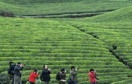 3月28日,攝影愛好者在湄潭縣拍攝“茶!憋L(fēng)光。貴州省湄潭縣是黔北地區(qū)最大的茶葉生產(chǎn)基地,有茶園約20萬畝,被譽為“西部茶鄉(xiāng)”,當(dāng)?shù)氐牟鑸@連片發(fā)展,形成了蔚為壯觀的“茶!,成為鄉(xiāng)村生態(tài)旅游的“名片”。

◇ ◇ ◇

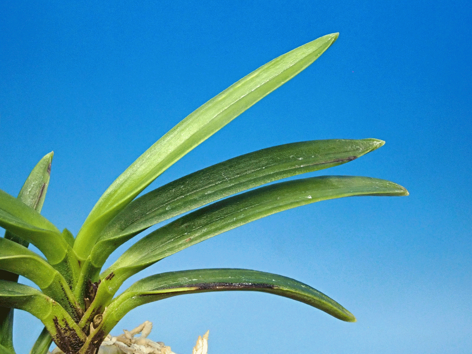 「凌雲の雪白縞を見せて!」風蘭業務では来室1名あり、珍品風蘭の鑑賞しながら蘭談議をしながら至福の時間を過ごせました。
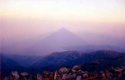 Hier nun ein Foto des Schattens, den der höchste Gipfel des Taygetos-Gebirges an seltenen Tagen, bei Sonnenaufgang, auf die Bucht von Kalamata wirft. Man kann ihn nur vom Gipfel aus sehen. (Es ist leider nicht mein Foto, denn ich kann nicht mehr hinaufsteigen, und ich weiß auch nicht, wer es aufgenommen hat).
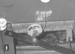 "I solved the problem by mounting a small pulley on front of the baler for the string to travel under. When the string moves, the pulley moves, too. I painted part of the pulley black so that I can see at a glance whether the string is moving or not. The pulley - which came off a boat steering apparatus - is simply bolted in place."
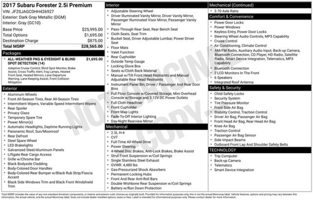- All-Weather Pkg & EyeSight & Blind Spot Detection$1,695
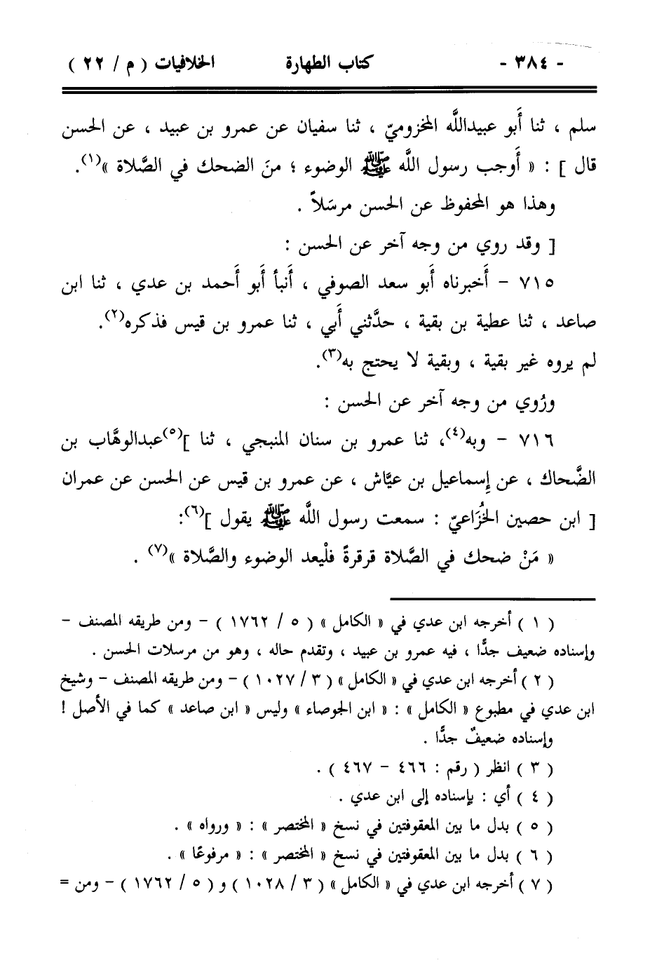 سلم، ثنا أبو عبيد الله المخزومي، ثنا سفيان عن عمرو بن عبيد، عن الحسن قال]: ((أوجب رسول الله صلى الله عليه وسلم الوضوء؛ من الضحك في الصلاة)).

◇ ◇ ◇

### Activity
Return only the stretch above from the line containing "Hier nun ein" through the line containing "سلم، ثنا أبو", word for word and without pictures.

### Solution below
 Hier nun ein Foto des Schattens, den der höchste Gipfel des Taygetos-Gebirges an seltenen Tagen, bei Sonnenaufgang, auf die Bucht von Kalamata wirft. Man kann ihn nur vom Gipfel aus sehen. (Es ist leider nicht mein Foto, denn ich kann nicht mehr hinaufsteigen, und ich weiß auch nicht, wer es aufgenommen hat).
 "I solved the problem by mounting a small pulley on front of the baler for the string to travel under. When the string moves, the pulley moves, too. I painted part of the pulley black so that I can see at a glance whether the string is moving or not. The pulley - which came off a boat steering apparatus - is simply bolted in place."
- All-Weather Pkg & EyeSight & Blind Spot Detection$1,695
 سلم، ثنا أبو عبيد الله المخزومي، ثنا سفيان عن عمرو بن عبيد، عن الحسن قال]: ((أوجب رسول الله صلى الله عليه وسلم الوضوء؛ من الضحك في الصلاة)).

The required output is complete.